Well, you could do it like this^(a):

import math

orig = [1, 2, 3, 4, 5]
print([math.prod(orig[:pos]) for pos in range(1, len(orig) + 1)])

This generates what you wanted:

[1, 2, 6, 24, 120]

and basically works by running a counter from 1 to the size of the list, at each point working out the product of all terms before that position:

pos   values    prod
===  =========  ====
 1   1             1
 2   1,2           2
 3   1,2,3         6
 4   1,2,3,4      24
 5   1,2,3,4,5   120

---

^(a) Just keep in mind that's less efficient at runtime since it calculates the full product for every single element (rather than caching the most recently obtained product). You can avoid that while still making your code more compact (often the reason for using list comprehensions), with something like:

def listToListOfProds(orig):
    curr = 1
    newList = []
    for item in orig:
        curr *= item
        newList.append(curr)
    return newList

print(listToListOfProds([1, 2, 3, 4, 5]))

That's obviously not a list comprehension but still has the advantages in that it doesn't clutter up your code where you need to calculate it.

People seem to often discount the function solution in Python, simply because the language is so expressive and allows things like list comprehensions to do a lot of work in minimal source code.

But, other than the function itself, this solution has the same advantages of a one-line list comprehension in that it, well, takes up one line :-)

In addition, you're free to change the function whenever you want (if you find a better way in a later Python version, for example), without having to change all the different places in the code that call it.

Answer 3

This should not be made into a list comprehension if one iteration depends on the state of an earlier one!

If the goal is a one-liner, then there are lots of solutions with @AndrejKesely's itertools.accumulate() being an excellent one (+1). Here's mine that abuses functools.reduce():

from functools import reduce

lst = [1, 2, 3, 4, 5]

print(reduce(lambda x, y: x + [x[-1] * y], lst, [lst.pop(0)]))

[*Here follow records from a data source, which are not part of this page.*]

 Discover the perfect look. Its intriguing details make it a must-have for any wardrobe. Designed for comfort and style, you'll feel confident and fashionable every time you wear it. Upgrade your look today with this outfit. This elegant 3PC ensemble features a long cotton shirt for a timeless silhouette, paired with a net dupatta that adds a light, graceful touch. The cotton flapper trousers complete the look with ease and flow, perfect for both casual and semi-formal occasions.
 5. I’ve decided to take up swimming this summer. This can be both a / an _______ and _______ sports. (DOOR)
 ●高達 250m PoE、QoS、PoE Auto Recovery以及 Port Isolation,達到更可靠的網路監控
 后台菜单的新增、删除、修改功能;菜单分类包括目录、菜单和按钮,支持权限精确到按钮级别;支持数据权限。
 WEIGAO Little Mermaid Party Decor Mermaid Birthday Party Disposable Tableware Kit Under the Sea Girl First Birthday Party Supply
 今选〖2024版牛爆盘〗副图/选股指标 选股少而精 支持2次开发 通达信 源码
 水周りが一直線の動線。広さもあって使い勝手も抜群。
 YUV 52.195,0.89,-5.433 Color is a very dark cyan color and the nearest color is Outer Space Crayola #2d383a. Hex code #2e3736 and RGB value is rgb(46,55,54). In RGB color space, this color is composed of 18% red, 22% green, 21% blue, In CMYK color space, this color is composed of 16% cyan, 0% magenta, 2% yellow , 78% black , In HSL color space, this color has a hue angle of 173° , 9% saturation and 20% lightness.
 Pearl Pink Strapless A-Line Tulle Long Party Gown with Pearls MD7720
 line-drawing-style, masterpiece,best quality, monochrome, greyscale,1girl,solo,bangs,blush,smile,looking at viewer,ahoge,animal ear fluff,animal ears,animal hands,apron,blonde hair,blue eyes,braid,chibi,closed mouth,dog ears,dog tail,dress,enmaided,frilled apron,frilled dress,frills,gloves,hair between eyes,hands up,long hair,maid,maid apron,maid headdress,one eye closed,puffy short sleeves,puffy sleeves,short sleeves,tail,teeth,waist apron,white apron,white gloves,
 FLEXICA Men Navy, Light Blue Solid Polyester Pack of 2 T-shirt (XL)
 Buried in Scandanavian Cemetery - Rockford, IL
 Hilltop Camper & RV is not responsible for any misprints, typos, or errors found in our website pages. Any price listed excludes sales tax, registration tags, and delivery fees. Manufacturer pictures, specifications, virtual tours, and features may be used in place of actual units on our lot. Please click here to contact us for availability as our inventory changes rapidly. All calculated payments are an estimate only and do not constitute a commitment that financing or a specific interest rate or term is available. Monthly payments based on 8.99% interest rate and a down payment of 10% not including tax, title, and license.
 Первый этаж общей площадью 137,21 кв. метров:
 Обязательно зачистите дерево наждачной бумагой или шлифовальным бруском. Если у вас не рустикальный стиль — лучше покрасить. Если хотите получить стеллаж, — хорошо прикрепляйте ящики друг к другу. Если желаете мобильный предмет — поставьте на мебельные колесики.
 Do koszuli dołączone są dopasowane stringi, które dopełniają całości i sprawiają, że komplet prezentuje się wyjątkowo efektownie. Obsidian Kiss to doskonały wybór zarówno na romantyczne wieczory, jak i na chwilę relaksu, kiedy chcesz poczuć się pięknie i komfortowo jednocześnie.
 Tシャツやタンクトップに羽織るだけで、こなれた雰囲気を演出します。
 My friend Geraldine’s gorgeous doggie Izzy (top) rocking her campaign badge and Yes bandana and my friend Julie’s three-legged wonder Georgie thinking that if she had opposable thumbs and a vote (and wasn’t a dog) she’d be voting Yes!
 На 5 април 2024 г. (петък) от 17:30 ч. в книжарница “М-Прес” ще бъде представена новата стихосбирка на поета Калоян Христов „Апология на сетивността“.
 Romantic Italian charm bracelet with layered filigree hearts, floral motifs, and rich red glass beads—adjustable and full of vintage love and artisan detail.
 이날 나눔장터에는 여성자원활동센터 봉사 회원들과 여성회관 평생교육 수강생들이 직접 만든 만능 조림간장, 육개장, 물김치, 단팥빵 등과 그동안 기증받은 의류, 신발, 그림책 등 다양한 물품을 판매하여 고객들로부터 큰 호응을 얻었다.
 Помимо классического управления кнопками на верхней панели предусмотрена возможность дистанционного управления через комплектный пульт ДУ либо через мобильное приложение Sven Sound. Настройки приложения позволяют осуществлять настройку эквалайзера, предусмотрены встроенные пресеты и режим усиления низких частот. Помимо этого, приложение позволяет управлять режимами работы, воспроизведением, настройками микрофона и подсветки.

But as far as list comprehensions go, @AndrejKesely's assignment-expression-based solution is the wrong thing to do (-1). Here's a more self contained comprehension that doesn't leak into the surrounding scope:

lst = [1, 2, 3, 4, 5]

seq = [a.append(a[-1] * b) or a.pop(0) for a in [[lst.pop(0)]] for b in [*lst, 1]]

print(seq)

But it's still the wrong thing to do! This is based on a similar problem that also got upvoted for the wrong reasons.

Answer 4

A recursive function could help.

input_list = [ 1, 2, 3, 4, 5]

def cumprod(ls, i=None):
    i = len(ls)-1 if i is None else i
    if i == 0:
        return 1
    return ls[i] * cumprod(ls, i-1)

output_list = [cumprod(input_list, i) for i in range(len(input_list))]

output_list has value [1, 2, 6, 24, 120]

---

This method can be compressed in python3.8 using the walrus operator

input_list = [ 1, 2, 3, 4, 5]

def cumprod_inline(ls, i=None):
    return 1 if (i := len(ls)-1 if i is None else i) == 0 else ls[i] * cumprod_inline(ls, i-1)

output_list = [cumprod_inline(input_list, i) for i in range(len(input_list))]

output_list has value [1, 2, 6, 24, 120]

---

Because you plan to use this in list comprehension, there's no need to provide a default for the i argument. This removes the need to check if i is None.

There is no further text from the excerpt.